Bill on Online Drug Sales Raises Hope, Fears


Stephen Arundel, a 50-year-old Minneapolis executive, was paying $350 a month for a drug to treat his chronic colon condition. This spring, he saw a newspaper story about importing drugs over the Internet.

"I'm not a computer guy," he said, "so I told my 14-year-old son to get on the Net and check it out."

The result: Arundel is now paying $140 a month to buy the same drug, Asacol, from an Internet site called Drug prices are often lower outside U.S. borders, because other countries apply different price controls.

"When I'm running low, all I have to do is go online and hit refill, and a bag of pills comes to my door," he said. The savings are "dramatic"--about $2,500 a year.

If Congress passes a proposal allowing Americans to import legal, FDA-approved prescription drugs through the Internet or by mail-order, the ranks of people like Arundel will swell, lawmakers say. (The House approved a bill last week, and the measure next goes to the Senate, where its fate is uncertain.) According to the most recent estimate by the Food and Drug Administration, in fact, about 2 million parcels containing prescription drugs enter the country every year, ranging from growth hormones and steroids to garden variety medications.

But while some patient advocates insist that the practice is safe and invaluable to many Americans, others say that the measure, if it becomes law, would open the door to unscrupulous operators. Drug purchases made over the Internet are very difficult to monitor, and the business is virtually unregulated.

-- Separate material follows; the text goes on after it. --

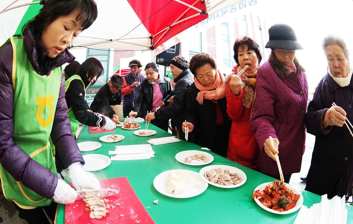 [충청일보 이정규기자] 충북농협은 22일 돼지고기 하락으로 어려움을 겪고 있는 양돈 농가를 돕기 위해 본부 후정에서 열린 김장시장에서 김장김치와 국산 돼지고기 수육 시식행사를 펼쳤다.이날 행사는 양돈농가를 위로하고 소비를 확대하기 위해 양돈자조금 주최로 행사를 열었으며 더불어 국산 돼지고기를 20% 이상 할인 판매했다.충북농협 관계자는"김치와 돼지고기가 궁합이 잘 맞아 김장하는 날에는 수육이 빠지질 않았다"며 "고객들이 돼지고기를 많이 소비해 양돈농가도 돕고 김장철 가족 건강도 챙기길 바란다"고 말했다.한편 충북농협은 이날 김장시장을 끝으로 올해 금요시장을 폐장하고 내년 4월에 재개장한다.▲ 충북농협은 돼지고기 소비촉진을 위해 지난 22일 열린 김장시장에서 시식과 판매 행사를 펼쳤다. © 편집부

"Consumers will be put at risk, because drug re-importation would be a welcome mat for crooks and frauds." said Rep. John Dingell (D-Michigan), ranking member of the House Committee on Energy and Commerce, in a statement released after the House vote. The committee has oversight over interstate commerce and has investigated online pharmacies.

Americans "take drug quality for granted precisely because we are well-regulated," said Lucinda Maine, a spokeswoman for the American Pharmaceutical Assn., a professional group for pharmacists in Washington that has been skeptical of import measures.

The vast majority of drugs approved for sale in the United States, purchased from Canada and Western European countries, are safe, advocates say.

"The drugs coming from Canada seem very clean, we haven't heard of any problems," said Frederick Mayer, a pharmacist near San Francisco who runs the Pharmacists Planning Service, a nonprofit group advocating for lower drug prices. "But there are other countries, including Mexico and some Asian countries, which just don't have the same good manufacturing standards that we do here; we worry about sloppiness and about counterfeiting."

Already, more than 100,000 Americans die each year as a result of adverse drug reactions, according to some estimates, many from U.S.-made products. Mayer thinks the growth of online pharmacies will only increase that number. "A lot of people, especially seniors, just don't know what they're getting," he says. "Sure, we're saving a lot of money, but what we really need to do is talk to a pharmacist about the drugs."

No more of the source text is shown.